The Late Bronze Age (c. 1650-1200 BCE) saw the development of an incredibly interconnected world of a number of well-known kingdoms and empires across the Near East and Eastern Mediterranean: The Egyptians, The Babylonians, The Hittites, the Mycenaean Greeks.
Diplomacy and trade flourished between the various palatial systems of these empires, in parallel to wars, as they fought over control strategic regions or resources. Around 1200 BCE, a crisis emerges that either collapse or significantly contracts most of these empires, and it ushers in a 'Dark Age' for about 200 years.
When the veil is lifted in the 10th century the political geography of the Eastern Mediterranean has changed dramatically. Gone are the expansive empires, replaced by a series of small size polities known alternatively in modern literature as Syro-Hittite, Neo-Hittite or Luwian-Aramean Kingdoms.
Neo-Hittites culture is more an amalgam of many Bronze Age societies, including the Hittites, but also many of the different cultures of Northern Syria, with much of their art and culture is rooted in local traditions of the preceding millennium.
Tell Tayinat, ancient Kunalua, represents the capital city of one of these Neo-Hittite kingdoms, known initially as the Kingdom of Palastin/ Walastin in the Early Iron Age, and later Pattina/ Unqi in the Middle Iron age.
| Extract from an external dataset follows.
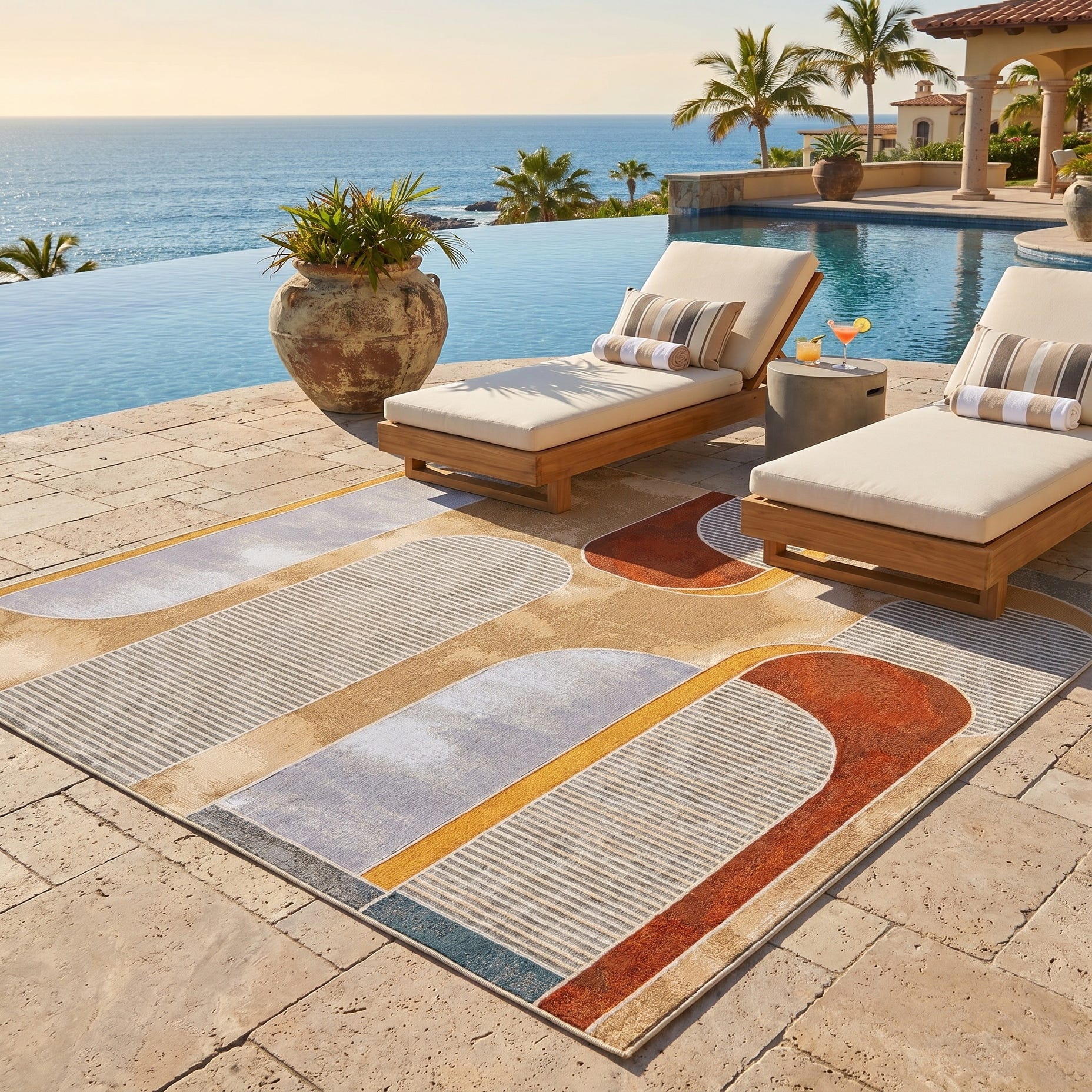 7' 10 x 7' 10 Easy-Clean Modern Indoor / Outdoor Square Rug

The investigations at Tayinat are playing a pivotal role in developing our historical understanding of the 'Dark Age' after the collapse of the Late Bronze Age empires and the regeneration of state ordered societies in the Iron Age. As well, they are helping to clarify the development of Neo-Hittite culture and the flow of cultural influences in the Near East in the Iron Age.